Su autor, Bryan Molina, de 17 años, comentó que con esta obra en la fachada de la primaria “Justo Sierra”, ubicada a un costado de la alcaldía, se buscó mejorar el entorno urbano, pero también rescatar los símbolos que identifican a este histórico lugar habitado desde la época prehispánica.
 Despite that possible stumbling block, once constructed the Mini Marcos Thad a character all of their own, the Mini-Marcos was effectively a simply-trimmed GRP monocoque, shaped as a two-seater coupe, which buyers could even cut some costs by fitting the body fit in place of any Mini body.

_____

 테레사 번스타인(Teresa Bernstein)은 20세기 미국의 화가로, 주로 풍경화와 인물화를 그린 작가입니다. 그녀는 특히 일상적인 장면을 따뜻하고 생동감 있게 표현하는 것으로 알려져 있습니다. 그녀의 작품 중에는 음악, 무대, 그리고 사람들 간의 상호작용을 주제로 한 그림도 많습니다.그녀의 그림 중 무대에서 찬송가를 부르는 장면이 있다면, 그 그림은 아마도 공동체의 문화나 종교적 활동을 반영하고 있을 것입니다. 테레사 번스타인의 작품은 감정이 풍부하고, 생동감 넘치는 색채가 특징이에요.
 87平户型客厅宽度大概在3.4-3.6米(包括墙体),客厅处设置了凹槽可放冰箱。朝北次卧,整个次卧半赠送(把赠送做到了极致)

_____

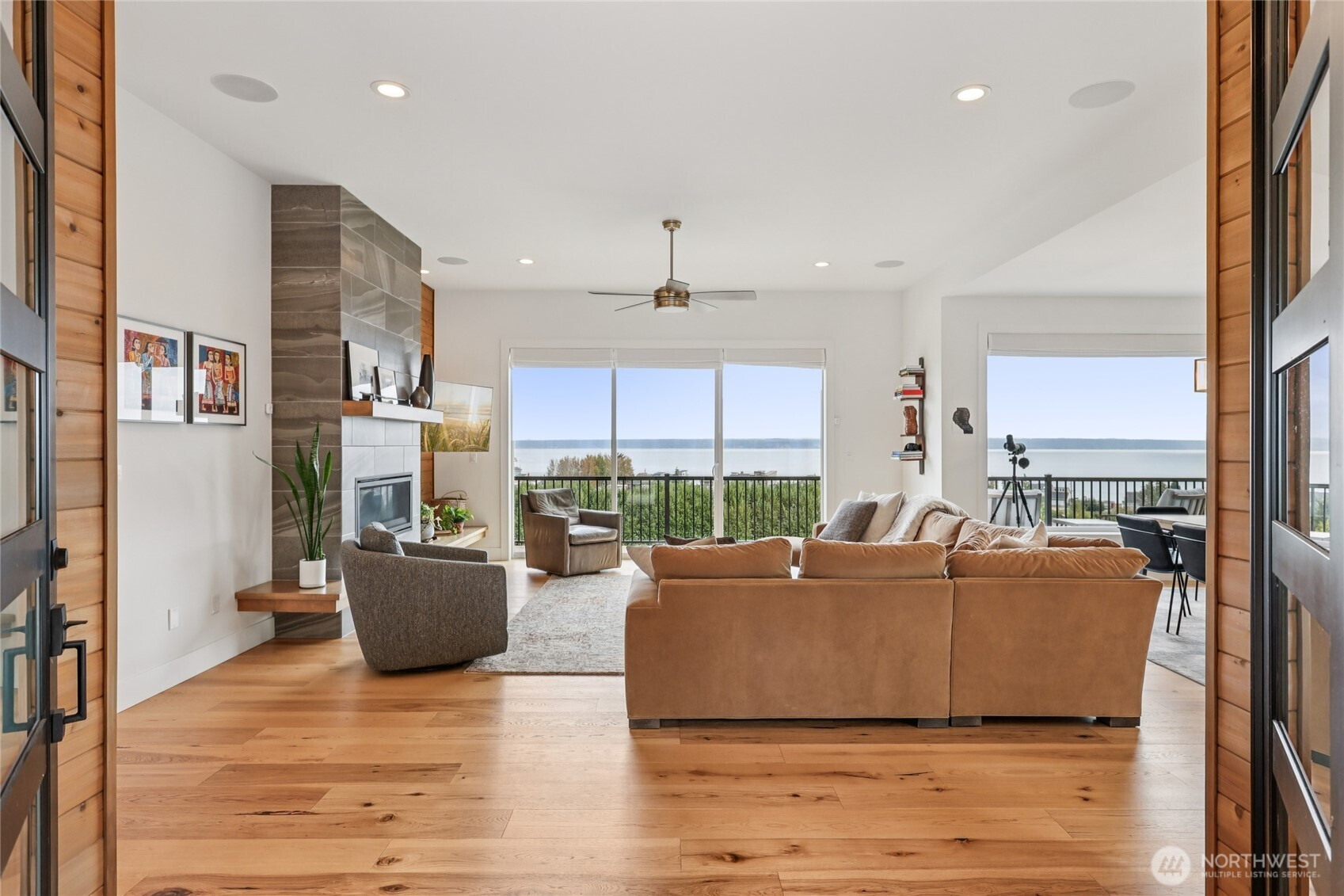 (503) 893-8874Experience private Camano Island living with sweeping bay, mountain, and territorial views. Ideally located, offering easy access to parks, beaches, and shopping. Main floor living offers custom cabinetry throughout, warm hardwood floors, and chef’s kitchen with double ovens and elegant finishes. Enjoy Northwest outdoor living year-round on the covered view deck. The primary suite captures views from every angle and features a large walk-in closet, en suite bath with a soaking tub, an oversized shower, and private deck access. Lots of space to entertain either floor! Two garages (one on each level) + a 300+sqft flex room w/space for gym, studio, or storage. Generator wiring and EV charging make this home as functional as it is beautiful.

_____

◆ Exercise details ◆
Only one stretch of the entries above is wanted: the lines from the one containing "Su autor, Bryan" through the one containing "Despite that possible". Please reproduce it exactly.

◆ Response for this exercise ◆
Su autor, Bryan Molina, de 17 años, comentó que con esta obra en la fachada de la primaria “Justo Sierra”, ubicada a un costado de la alcaldía, se buscó mejorar el entorno urbano, pero también rescatar los símbolos que identifican a este histórico lugar habitado desde la época prehispánica.
 Despite that possible stumbling block, once constructed the Mini Marcos Thad a character all of their own, the Mini-Marcos was effectively a simply-trimmed GRP monocoque, shaped as a two-seater coupe, which buyers could even cut some costs by fitting the body fit in place of any Mini body.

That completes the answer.